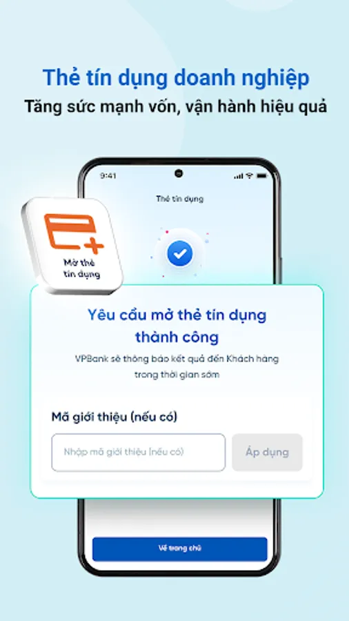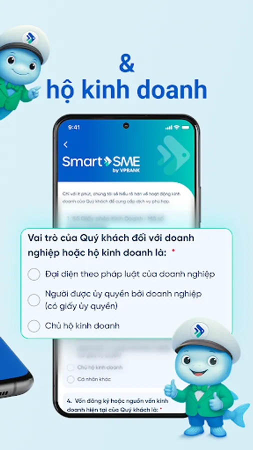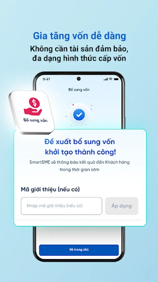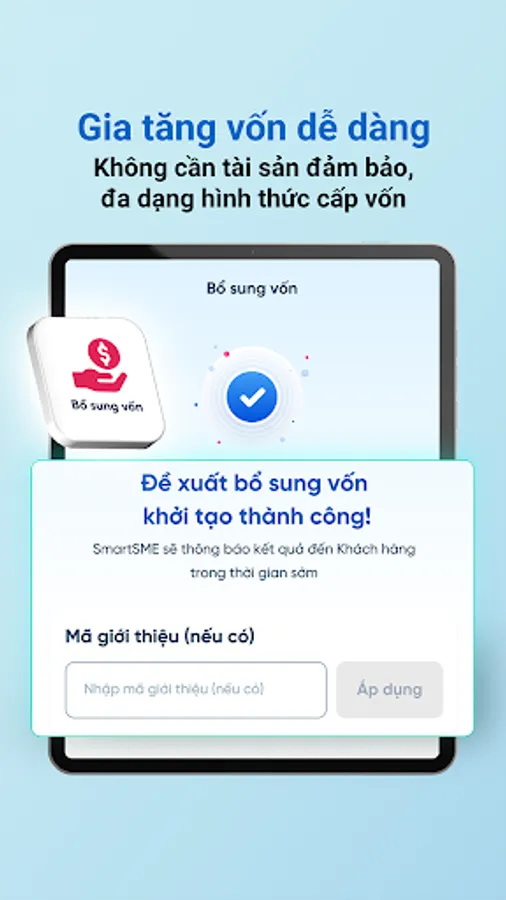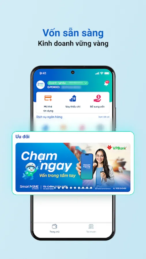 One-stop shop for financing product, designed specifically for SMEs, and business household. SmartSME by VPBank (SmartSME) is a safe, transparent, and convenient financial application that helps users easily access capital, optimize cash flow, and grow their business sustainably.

--

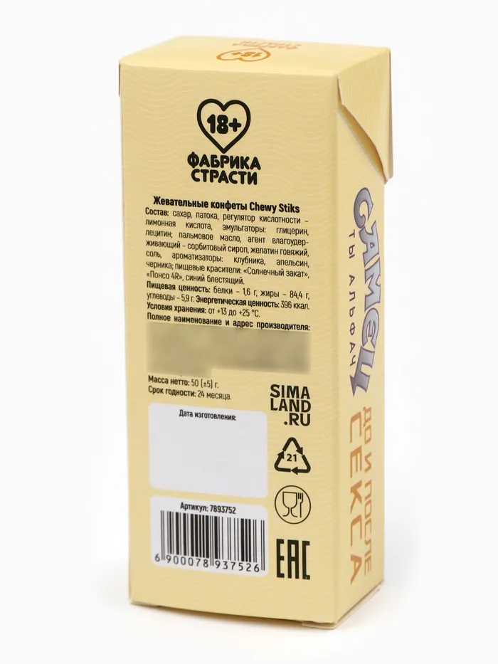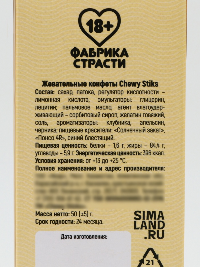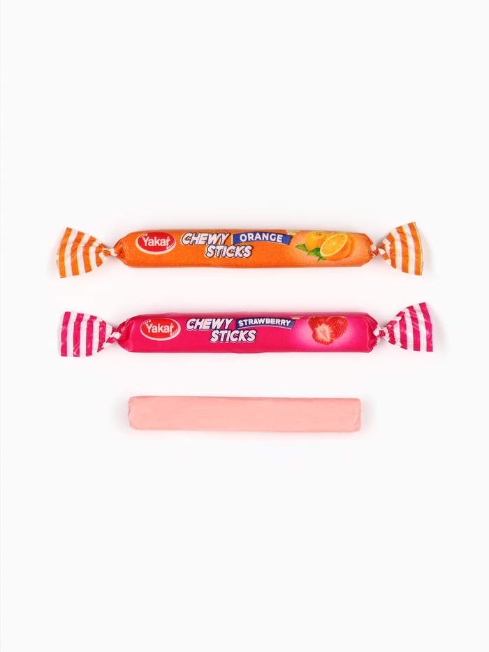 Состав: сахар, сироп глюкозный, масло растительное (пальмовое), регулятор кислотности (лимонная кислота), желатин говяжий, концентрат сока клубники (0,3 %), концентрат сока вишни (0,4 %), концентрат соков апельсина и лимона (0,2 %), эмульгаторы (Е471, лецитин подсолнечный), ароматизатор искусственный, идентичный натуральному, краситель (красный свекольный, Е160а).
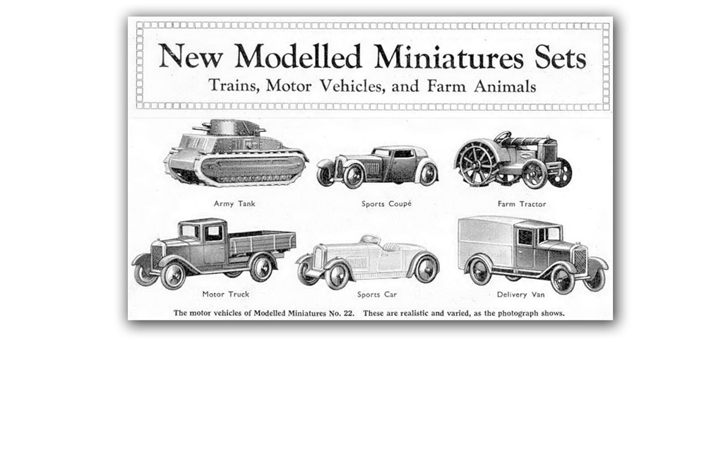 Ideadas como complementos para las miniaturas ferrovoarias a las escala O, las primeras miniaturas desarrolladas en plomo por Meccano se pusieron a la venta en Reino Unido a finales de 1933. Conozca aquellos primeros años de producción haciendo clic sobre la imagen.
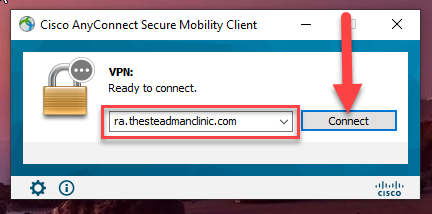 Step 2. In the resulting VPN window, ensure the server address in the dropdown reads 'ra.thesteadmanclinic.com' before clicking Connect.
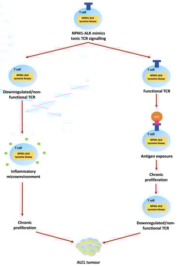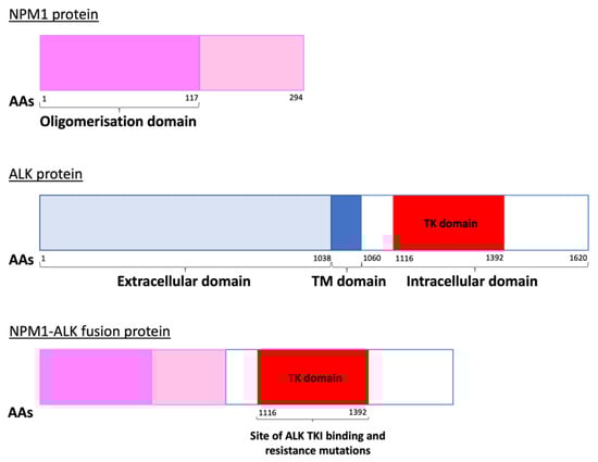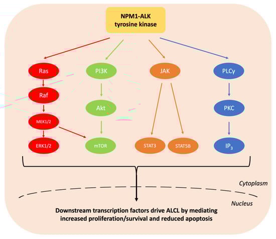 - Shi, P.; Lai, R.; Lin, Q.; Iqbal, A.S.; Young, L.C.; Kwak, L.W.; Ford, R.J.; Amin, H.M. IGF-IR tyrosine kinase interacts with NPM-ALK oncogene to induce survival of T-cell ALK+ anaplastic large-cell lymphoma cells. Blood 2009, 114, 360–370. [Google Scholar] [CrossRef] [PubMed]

---

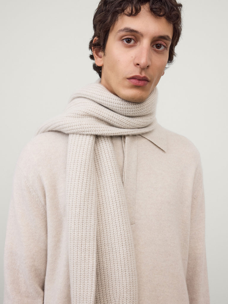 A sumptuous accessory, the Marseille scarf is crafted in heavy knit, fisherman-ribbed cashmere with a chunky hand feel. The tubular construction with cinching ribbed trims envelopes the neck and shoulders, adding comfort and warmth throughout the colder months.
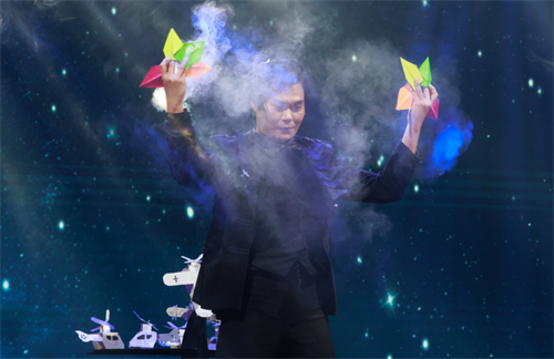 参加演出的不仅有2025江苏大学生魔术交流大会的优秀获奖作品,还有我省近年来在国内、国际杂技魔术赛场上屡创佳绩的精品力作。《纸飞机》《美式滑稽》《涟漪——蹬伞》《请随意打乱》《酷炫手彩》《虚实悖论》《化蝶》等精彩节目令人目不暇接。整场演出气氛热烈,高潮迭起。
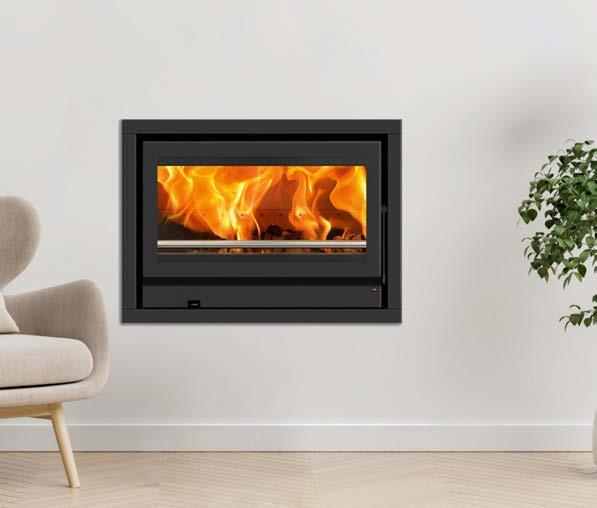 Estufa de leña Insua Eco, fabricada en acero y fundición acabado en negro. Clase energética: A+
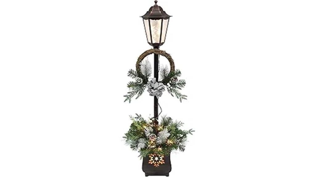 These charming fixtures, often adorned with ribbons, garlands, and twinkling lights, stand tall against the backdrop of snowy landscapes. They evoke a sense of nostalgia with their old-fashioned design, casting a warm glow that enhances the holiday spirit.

What the task asks
Nothing but the lines above, starting at the line that contains "Estufa de leña" and ending at the line that contains "These charming fixtures, often", should be given again, exactly and without the pictures.

Answer space
 Estufa de leña Insua Eco, fabricada en acero y fundición acabado en negro. Clase energética: A+
 These charming fixtures, often adorned with ribbons, garlands, and twinkling lights, stand tall against the backdrop of snowy landscapes. They evoke a sense of nostalgia with their old-fashioned design, casting a warm glow that enhances the holiday spirit.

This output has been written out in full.